Dans le cas contraire (Bond très grand devant 1), un arrachage de gouttelettes se produit qui, à terme, fait exploser le CFL :



Exemple de résultats pour un nombre de Bond très grand devant 1


Il faut donc prendre particulièrement en considération le nombre de Bond : trop petit, le liquide démouillera ; trop grand, le liquide se déforme et forme une vaguelette, qui continue à se déformer, et des gouttelettes sont arrachées, qui risquent de devenir finalement si petites que le CFL explose.

- La densité et la viscosité :

On prend pour caractéristiques du liquide celles de l'amine (densité de 1100, viscosité µ=2e-3 kg/m.s ). Pour le gaz, qui est un mélange de gaz brûlés issus de la réaction et majoritaire en diazote, on prend les caractéristiques de l'air, majoritaire en diazote également.


Résultats

Voici les résultats pour deux cas tests : un où on s'attend à voir le film coller à la paroi, et l'autre où on s'attend à une recirculation.



Ecoulement collé à la paroi

Cet écoulement correspond à une valeur faible de l'épaisseur. Pour une épaisseur de 0,3 mm (a/β=11.7), on adapte la tension de surface pour que le nombre de Bond ne soit pas trop faible. On choisit Bo=0,53, ce qui correspond à une tension de surface de 2 mN/m, soit plus de vingt fois inférieur à sa valeur normale.
La simulation diverge au bout de très peu d'itérations, alors que la même simulation à tension de surface de 50 mN/m convergeait avec la première méthode de simulation.

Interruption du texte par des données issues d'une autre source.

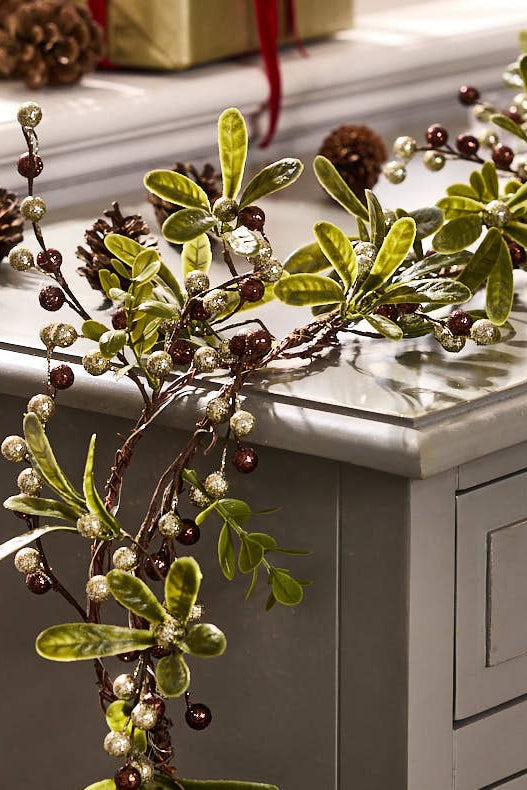 Add some light and sparkle to your indoor Christmas decorations with our copper mistletoe LED Christmas garland. Featuring glittering gold and copper berries which reflect the light from the LED lights beautifully, this artificial Christmas garland is an ideal decoration for displaying on your mantelpiece, windowsill, or around your banister during the Winter months.

L'initialisation du calcul à l'aide du profil de Nusselt, mais la vague puis l'arrachage de gouttes se produisent toujours.

On adopte la solution suivante : la tension de surface est initiée à 50 mN/m, et est baissée manuellement jusqu'à la valeur souhaitée, c'est à dire environ 1 mN/m.
Pour cela, la tension de surface a été abaissée par petits pas, le premier étant à 30 mN/m. Il faut ensuite attendre que l'écoulement s'établisse avant de modifier à nouveau la tension de surface. Cette méthode prend donc énormément de temps, puisqu'elle nécessite une intervention régulière de l'expérimentateur.
Cela dit, les simulations ne sont pas concluantes car encore une fois se produit l'arrachage de gouttelettes. Le pas de σ devrait donc être encore plus petit ; le temps de calcul étant alors trop long sans l'assurance de résultats corrects, cette méthode est abandonnée.

Le résultat pour un Bo = 0.53 est le suivant :



Exemple de résultats pour un nombre de Bo = 0.53


Le nombre de Reynolds calculé est d'environ 30. Si on place ce point sur ce graphe, on voit que le film colle en effet bien à la paroi, mais on observe des sortes de vaguelettes qui ne sont pas normales.



Ecoulement avec recirculation


On initialise avec une hauteur de 2 mm, ce qui correspond à un rapport a/β=1,76. Le nombre de Bond, avec une tension de surface de 50 mN/m, vaut Bo = 0,53.
Au bout d'un certain nombre d'itérations, on constate que le résultat ne donne pas celui attendu :



Résultats des calculs pour a/β=1,76; Bo=0,05 N/m


La vitesse du fluide a pour ordre de grandeur 3e-1 m/s, ce qui correspond à un nombre de reynolds de l'ordre de 100. Si on place ce point sur ce graphe, on confirme pourtant qu'on devrait avoir une recirculation.

Une des pistes pour expliquer cet échec est inhérente à la modélisation et à sa sensibilité aux conditions initiales : en effet à partir de celle-ci, le logiciel fait évoluer la situation vers une solution, mais pas forcément vers la solution recherchée. Ainsi, pour faire en sorte de converger vers une solution avec recirculation, il a été essayé d'initialiser grossièrement la recirculation à l'aide d'un patch sur les phases et sur les vitesses :


Initialisation en phases


Initialisation en vitesse


Initialisation en vitesse (agrandissement)


Le résultat est une perte de la vorticité puis un retour vers une solution n'impliquant pas de recirculation (cf. plus haut).

Une hypothèse est que l'initialisation n'était encore pas assez proche de la solution. Ce qui serait un problème, car si la solution était déjà connue, on ne la calculerait pas : on ne peut rentrer de conditions initiales aussi précises. L'autre hypothèse est la défaillance de fluent en calcul VOF périodique.

Etant donné les problèmes rencontrés auxquels s'ajoutent l'impossibilité de contrôler le débit au sein de l'élément, la modélisation périodique est abandonnée. On se tourne vers une modélisation simulant une succession d'éléments.